-- WHAT YOU ARE ASKED TO DO --
Taking the entries below, transcribe only the lines starting with the one with "Le Coq framboise" and going on through the one with "モモ種子エキス(コンディショニング) ※2. ツバキ種子油(保湿)", exactly as written, without the pictures.

-- GIVEN DATA --
------------------------------------------------

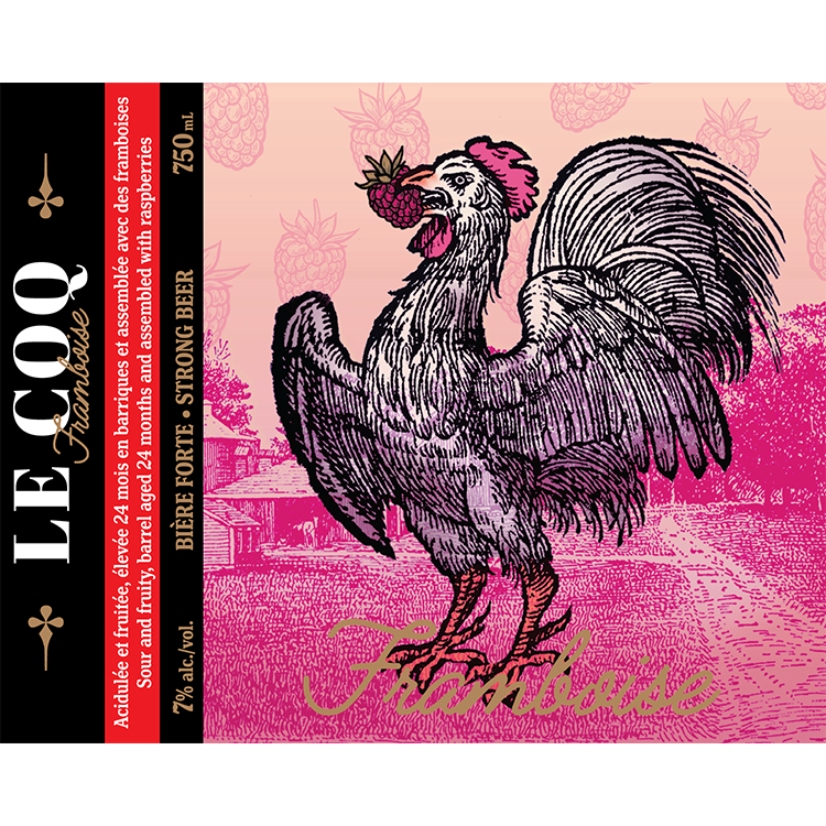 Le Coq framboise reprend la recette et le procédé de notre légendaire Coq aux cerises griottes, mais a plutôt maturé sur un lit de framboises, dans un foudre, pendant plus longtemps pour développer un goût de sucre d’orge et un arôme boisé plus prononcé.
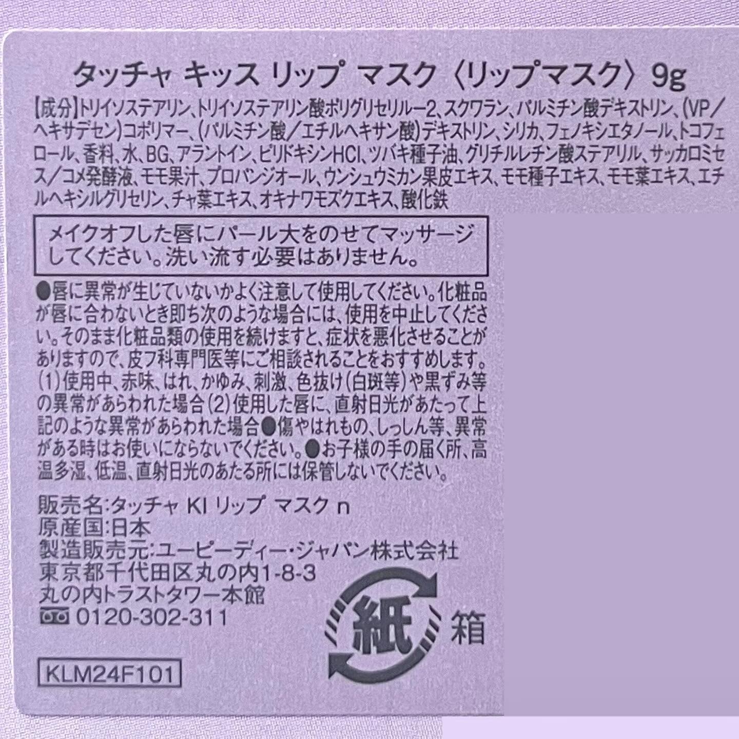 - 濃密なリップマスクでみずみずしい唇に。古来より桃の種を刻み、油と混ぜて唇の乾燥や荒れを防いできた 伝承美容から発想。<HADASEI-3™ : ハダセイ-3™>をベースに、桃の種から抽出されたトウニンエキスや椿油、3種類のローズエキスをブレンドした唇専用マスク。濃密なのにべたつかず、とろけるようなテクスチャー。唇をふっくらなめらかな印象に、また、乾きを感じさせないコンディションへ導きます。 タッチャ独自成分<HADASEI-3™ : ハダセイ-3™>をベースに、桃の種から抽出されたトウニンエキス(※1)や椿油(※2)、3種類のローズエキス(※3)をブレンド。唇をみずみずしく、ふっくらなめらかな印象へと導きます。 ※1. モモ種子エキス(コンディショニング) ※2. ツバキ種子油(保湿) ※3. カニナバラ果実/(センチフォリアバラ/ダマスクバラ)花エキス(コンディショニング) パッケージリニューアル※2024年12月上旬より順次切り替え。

------------------------------------------------

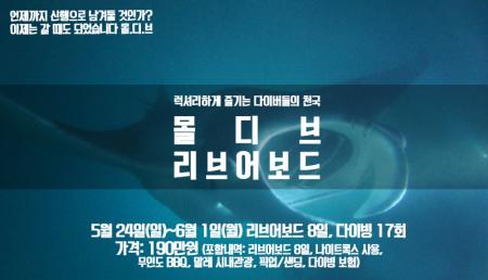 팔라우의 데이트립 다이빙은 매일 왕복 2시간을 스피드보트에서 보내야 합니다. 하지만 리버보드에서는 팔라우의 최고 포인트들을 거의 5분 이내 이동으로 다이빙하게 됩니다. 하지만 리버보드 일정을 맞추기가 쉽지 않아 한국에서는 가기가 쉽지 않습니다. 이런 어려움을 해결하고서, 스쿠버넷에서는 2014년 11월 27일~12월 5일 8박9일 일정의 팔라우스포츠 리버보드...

------------------------------------------------

-- SOLUTION TO THIS PROBLEM --
 Le Coq framboise reprend la recette et le procédé de notre légendaire Coq aux cerises griottes, mais a plutôt maturé sur un lit de framboises, dans un foudre, pendant plus longtemps pour développer un goût de sucre d’orge et un arôme boisé plus prononcé.
 - 濃密なリップマスクでみずみずしい唇に。古来より桃の種を刻み、油と混ぜて唇の乾燥や荒れを防いできた 伝承美容から発想。<HADASEI-3™ : ハダセイ-3™>をベースに、桃の種から抽出されたトウニンエキスや椿油、3種類のローズエキスをブレンドした唇専用マスク。濃密なのにべたつかず、とろけるようなテクスチャー。唇をふっくらなめらかな印象に、また、乾きを感じさせないコンディションへ導きます。 タッチャ独自成分<HADASEI-3™ : ハダセイ-3™>をベースに、桃の種から抽出されたトウニンエキス(※1)や椿油(※2)、3種類のローズエキス(※3)をブレンド。唇をみずみずしく、ふっくらなめらかな印象へと導きます。 ※1. モモ種子エキス(コンディショニング) ※2. ツバキ種子油(保湿) ※3. カニナバラ果実/(センチフォリアバラ/ダマスクバラ)花エキス(コンディショニング) パッケージリニューアル※2024年12月上旬より順次切り替え。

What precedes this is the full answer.